ヤフー・アスクル対立問題、ソフトバンク宮内社長は「事業を大きくできるなら賛成」

ソフトバンク 決算

国内の通信事業などを手がけるソフトバンクは、2019年4~6月期決算を発表。すべての事業で増収を達成するなど、好調さをアピールした。

撮影:小林優多郎

ソフトバンクは8月5日、2019年4~6月期の決算説明会を開催した。説明会では同社が取り組むモバイル通信事業のほか、PayPayやその他のソフトバンク・ビジョン・ファンドの投資先とのジョイントベンチャー各社の現状が明らかにされた。

また、ソフトバンクは6月にヤフーを子会社化しており、決算説明会では本業のモバイル通信事業より、ヤフーとアスクルの対立問題に関する質問が多く寄せられる一幕もあった。

アスクルとの対立について、宮内氏は「賛成」

ロハコ

アスクルとヤフーの共同EC事業である「LOHACO(ロハコ)」。

ソフトバンク社長の宮内謙氏は今回の対立問題について、まず「僕はそこまでの意思を表明していない」と、一部報道であったソフトバンクおよびソフトバンクグループの関与を否定。

しかし、宮内氏はヤフーの取締役を務めるため、ヤフーの行動に関しては以下のような肯定的なコメントを発している。

「(ヤフーの判断は)これからアスクル社を延ばしていくために、大変苦しい判断だったとは思うが、私は今回のヤフーの決断はきっと将来的にはみなさんに分かっていただけるのではと思っている」

ヤフー 売上

ヤフーの売り上げもやや増加している。

その根拠の一部として、ソフトバンクのヤフー子会社化以前から、ソフトバンクおよびワイモバイルとヤフーのEC事業の連携による成果を挙げている。

両社共同の取り組みは多岐にわたるが、代表例としてはソフトバンクおよびワイモバイルの契約者に対して、ヤフーの月額462円(税抜)の有料会員制度「Yahoo!プレミアム」の資格を無料で付与したり、「Yahoo!ショッピング」においては、ソフトバンクユーザー限定で決済額の10%相当のポイントバックを毎日行うなどのキャンペーンを展開している。

その影響もありヤフー事業の売上高は年々増加傾向にある。実際、2019年4~6月期の売上高も約2386億円と前年同期比で3%増。Yahoo!ニュースなどのメディア事業が横ばいなのに対し、コマース・その他の事業が売上増を牽引している。

宮内謙氏

ソフトバンク社長の宮内謙氏。

宮内氏は「アスクル社とも(今より)もっと連携してやっていければ、もっと大きな価値を生めると思っている」と、あくまでも「事業を大きくできるのであれば(ヤフーがアスクルの株主として議決権行使したことは)賛成」としている。
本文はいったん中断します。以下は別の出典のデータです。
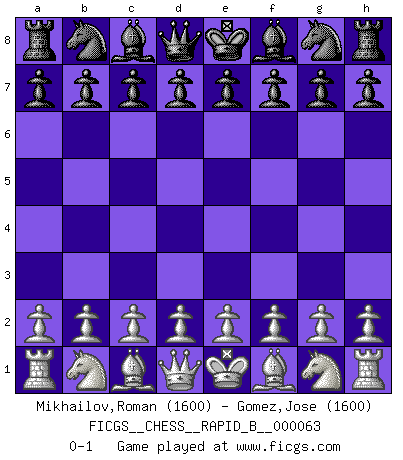 Last move : 0-1 2007 September 13 8:8:35 [Event "FICGS__CHESS__RAPID_B__000063"] [Site "FICGS"] [Date "2007.08.14"] [Round "1"] [White "Mikhailov,Roman"] [Black "Gomez,Jose"] [Result "0-1"] [WhiteElo "1600"] [BlackElo "1600"] 0-1 This chess game has been lost on time (started : 2007.08.14 6:51:31) Player Black won this chess game. Follow this game move after move (download)The game of chess is the touchstone of the intellect. (Goethe) Obwohl ich alt bin, darf mir niemand den Finger in den Mund stecken, sonst beisse ich. (Wilhelm Steinitz) El Ajedrez hace al hombre ser mas sabio y ver mas claro. (Vladimir Putin) L'attaque fait le spectacle, la défense gagne les matchs. (Dicton footballistique) Fortune favours the audacious. (Desiderius Erasmus)

ただし、詳細な意図についてはヤフー社長の川邊健太郎氏率いる「ヤフー執行部に聞いて欲しい」とし、問題となっているアスクルとの共同事業「LOHACO(ロハコ)」の分社化や事業吸収といった話は否定している。

脱・通信キャリアを目指すソフトバンク

ソフトバンクの成長戦略

ソフトバンクが掲げる今後の成長戦略。ヤフーはその要の1つである。

今期の決算自体は、売上高は1兆1648億5600万円と前年同期比で5.8%増。営業利益は2688億5800万円と同3.7%増と増収増益で堅調だ。

しかし、現在の主な収益源である個人向け通信事業は、10月以降に第4のキャリアである楽天の登場や、違約金1000円などの新しい規制も盛り込まれるなど、大幅な収入増は難しい。

ソフトバンクとしては、前述のとおりヤフーとの取り組みや、ビジョン・ファンドの投資先との事業で収入源の多角化を進め、通信事業に依存しない収益体制を確固たるものにする方針だ。